Rocky the God-Killer’s Killer
It is in Rocky IV that things change, however. Rocky the hero is wanting to retire as a hero and live out his life. the god Apollo is being a god, and still staging grand shows of his powers. However, he missteps. He takes on an opponent that most people believe is superhuman in the movies. He probably is. Ivan Drago has a vacant stare, automated voice, and is very mechanical in his movements. He is like the automatons created by Greek inventor Daedalus (the father of Icarus, the man who flew too close to the sun). Daedalus made men out of metal and used quicksilver to give them a voice. These beings were stronger than humans. They could take on a god.
So, Apollo took on an automaton and is defeated. He dies at the hands of the thing. Rocky then comes back to the ring, not as a hero trying to maintain his status, but as a man trying to avenge his friend. He slays the automaton Drago and proves that he can beat a god-killer. He also proves that his hero status needs to never come into question again. He goes off into retirement, untouched.
Rocky The God-Maker
In Rock V and Rocky VI, the hero is fighting financial losses and his own ego. It isn’t until Creed that he finds the solution to the restlessness that has taken hold of his life for the last decade or so. Rocky needs more than being a hero to sustain himself, and he needs Apollo’s son to figure out what that is and how to get it.
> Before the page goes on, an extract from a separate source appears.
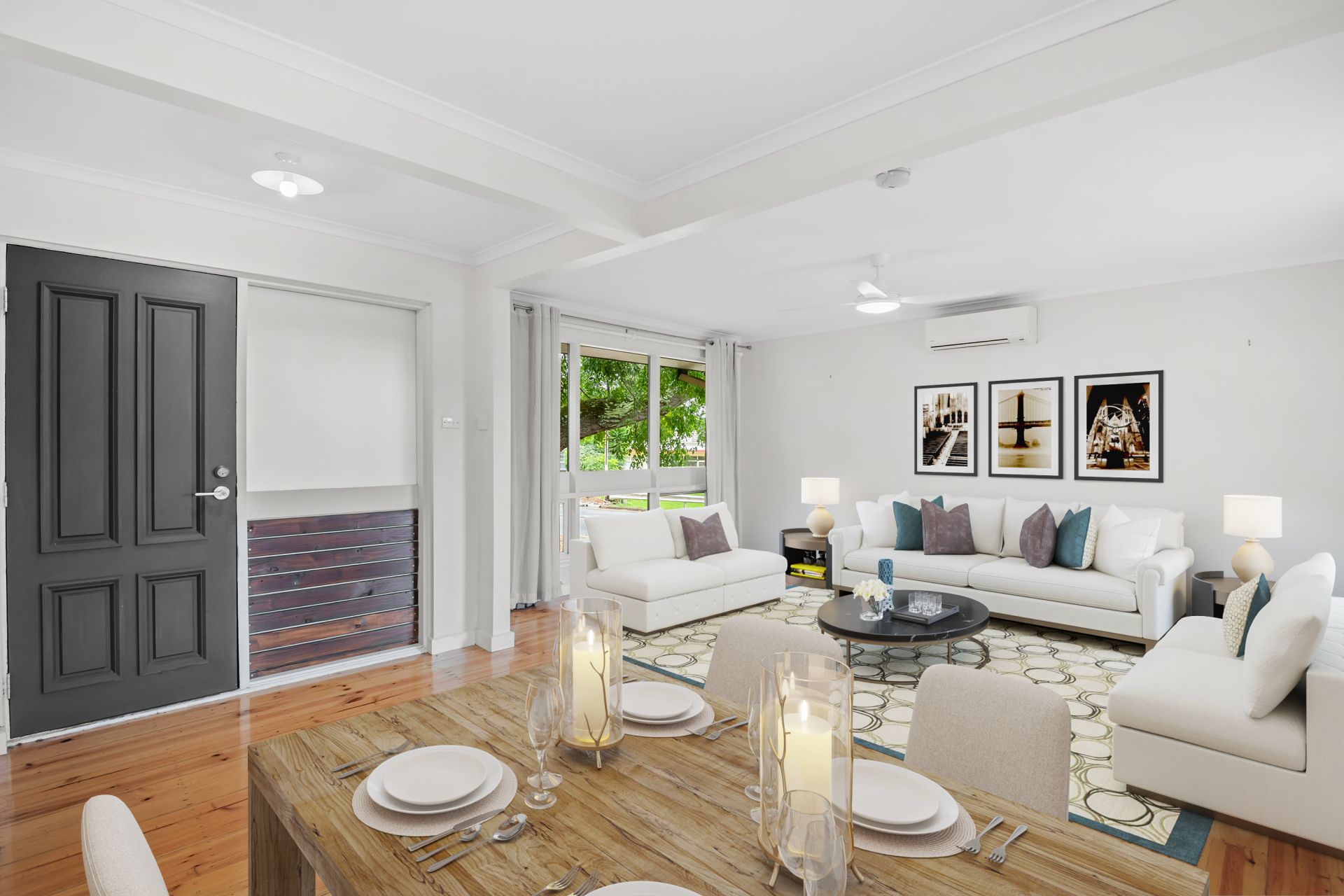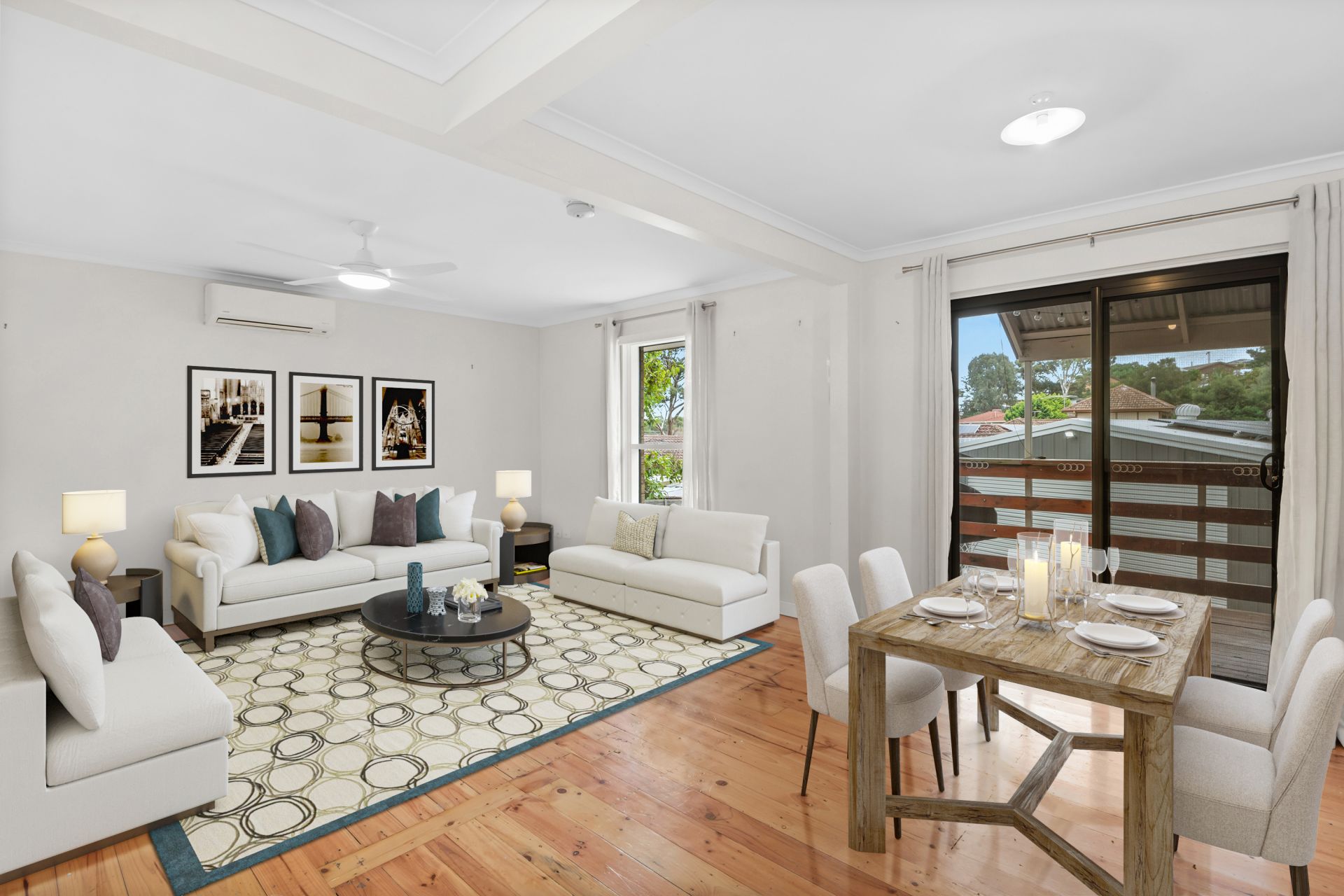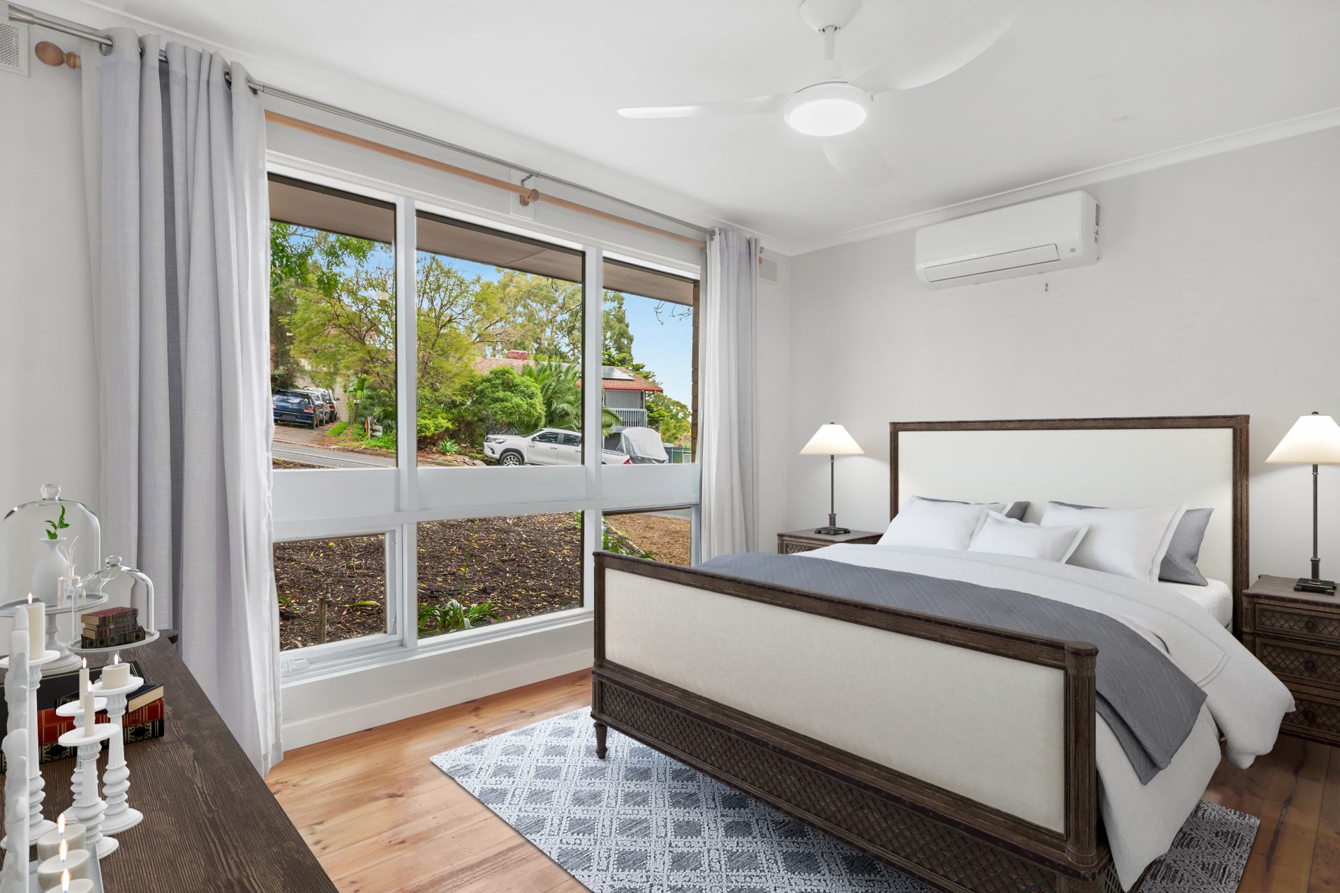 Stay comfortable with ceiling fans and updated split system air-conditioners and save on power with a grid connected 5KW Inverter solar system with 6KW of modern split cell solar panels.

Adonis Creed was not born to Apollo and his wife Mary—played by a goddess in her own right, the venerable Phylicia Rashad—but to a mortal woman. Adonis is a demigod, a demigod who never knew his father. He has Mary on his side, but that is not enough. He wants to prove to himself and the gods that he is worthy of full godhood.
Adonis tracks down the one person he knows who can help with his mission. He needs Rocky, who is languishing in his retirement and restless about his life. The two begin training and Rocky sees the god in Adonis. He is also faced with his own mortality. He has cancer and will certainly die from it or his advancing age. Meanwhile, Adonis is making his name and is becoming synonymous with his god of a father.
Adonis proves that he can fight, and Rocky’s cancer responds to treatment. Now, this is why the new film Creed II, is so significant. Adonis needs to prove to the gods that he can be just as good or better than his father. To so that, he must fight the second-generation automaton and beat it. Then, he will be worthy of god status. If Adonis becomes worthy of god status, then, Rocky will have completed the trials needed to receive the ultimate prize for a hero—immortality. He has proven that he is best a god. He has also proven to be a destroyer of god-killers. In the final trial, when Adonis wins Rocky will have proven himself to be a god-maker and thus worthy of immortality.
Rocky the Immortal?
This caps the hero’s journey and it’s the ultimate ending to a mortal’s life flirting with gods and godhood. Immortality means the Rocky will forever reign as champion and will be a fixture in the world of heroes, i.e. the boxing world.
When all of the movies and themes are blended together and re-examined through the lens of Greek myth, a clear hero’s journey emerges. What’s unique about the Rocky saga is that it showcases the hero at his highs and his lows, when his flaws are uncovered and flaunted for the world to see. That’s actually the appeal of Rocky’s story. He is our hero, but even he is not perfect. He gets scammed and loses his money. He mourns the love of his life. He hungers and thirsts and bleeds just like we do. He is the hero we want to see win.
That’s also why this film, Creed II is so important. There is more at stake than a hero’s reputation and a demigod’s ego. There are godhood and immortality, the two most prized possessions in Greek mythology.